_About this exercise:_
Write out exactly the lines of the entries below, from the first through the line containing "ส่งด่วน 🛵 MMFISH", and nothing beyond them.

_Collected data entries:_
= Beginning of Section =

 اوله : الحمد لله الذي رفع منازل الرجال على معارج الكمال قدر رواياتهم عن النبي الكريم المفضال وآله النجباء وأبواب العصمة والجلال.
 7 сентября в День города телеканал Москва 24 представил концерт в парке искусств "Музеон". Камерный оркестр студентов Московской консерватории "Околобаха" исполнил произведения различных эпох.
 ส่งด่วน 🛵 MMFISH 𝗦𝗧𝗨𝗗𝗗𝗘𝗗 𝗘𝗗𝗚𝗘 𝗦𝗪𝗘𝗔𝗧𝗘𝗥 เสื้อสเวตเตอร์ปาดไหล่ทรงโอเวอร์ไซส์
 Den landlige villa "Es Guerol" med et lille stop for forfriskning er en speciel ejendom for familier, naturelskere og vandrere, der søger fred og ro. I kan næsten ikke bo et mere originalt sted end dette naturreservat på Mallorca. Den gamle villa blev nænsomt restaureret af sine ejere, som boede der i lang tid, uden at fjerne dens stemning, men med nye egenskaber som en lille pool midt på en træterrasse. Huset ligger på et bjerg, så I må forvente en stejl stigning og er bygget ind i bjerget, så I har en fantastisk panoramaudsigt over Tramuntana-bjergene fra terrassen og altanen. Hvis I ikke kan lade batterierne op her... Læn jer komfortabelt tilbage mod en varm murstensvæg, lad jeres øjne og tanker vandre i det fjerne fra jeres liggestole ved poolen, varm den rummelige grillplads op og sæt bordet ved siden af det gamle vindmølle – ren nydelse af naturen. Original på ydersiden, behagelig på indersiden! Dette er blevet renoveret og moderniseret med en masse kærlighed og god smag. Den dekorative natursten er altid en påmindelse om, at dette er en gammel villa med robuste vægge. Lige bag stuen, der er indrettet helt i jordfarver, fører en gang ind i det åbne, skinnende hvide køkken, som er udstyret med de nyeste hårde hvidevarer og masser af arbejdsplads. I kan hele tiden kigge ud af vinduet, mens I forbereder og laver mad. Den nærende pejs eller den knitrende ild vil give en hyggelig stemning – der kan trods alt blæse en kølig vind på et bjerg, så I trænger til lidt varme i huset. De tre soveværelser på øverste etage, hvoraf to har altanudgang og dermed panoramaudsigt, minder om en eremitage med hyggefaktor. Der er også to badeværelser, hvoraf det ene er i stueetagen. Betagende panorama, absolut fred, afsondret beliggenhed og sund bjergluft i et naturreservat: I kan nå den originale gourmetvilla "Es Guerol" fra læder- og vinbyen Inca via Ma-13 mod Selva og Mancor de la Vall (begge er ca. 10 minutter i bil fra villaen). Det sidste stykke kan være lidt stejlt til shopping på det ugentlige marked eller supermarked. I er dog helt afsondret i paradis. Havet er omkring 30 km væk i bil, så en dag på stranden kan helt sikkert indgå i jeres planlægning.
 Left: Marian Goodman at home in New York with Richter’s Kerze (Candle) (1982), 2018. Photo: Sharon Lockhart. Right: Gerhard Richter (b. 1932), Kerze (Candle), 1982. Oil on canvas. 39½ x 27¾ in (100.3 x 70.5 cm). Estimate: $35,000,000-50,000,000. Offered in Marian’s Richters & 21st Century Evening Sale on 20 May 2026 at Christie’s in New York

= End of Section =

_Completed exercise:_
 اوله : الحمد لله الذي رفع منازل الرجال على معارج الكمال قدر رواياتهم عن النبي الكريم المفضال وآله النجباء وأبواب العصمة والجلال.
 7 сентября в День города телеканал Москва 24 представил концерт в парке искусств "Музеон". Камерный оркестр студентов Московской консерватории "Околобаха" исполнил произведения различных эпох.
 ส่งด่วน 🛵 MMFISH 𝗦𝗧𝗨𝗗𝗗𝗘𝗗 𝗘𝗗𝗚𝗘 𝗦𝗪𝗘𝗔𝗧𝗘𝗥 เสื้อสเวตเตอร์ปาดไหล่ทรงโอเวอร์ไซส์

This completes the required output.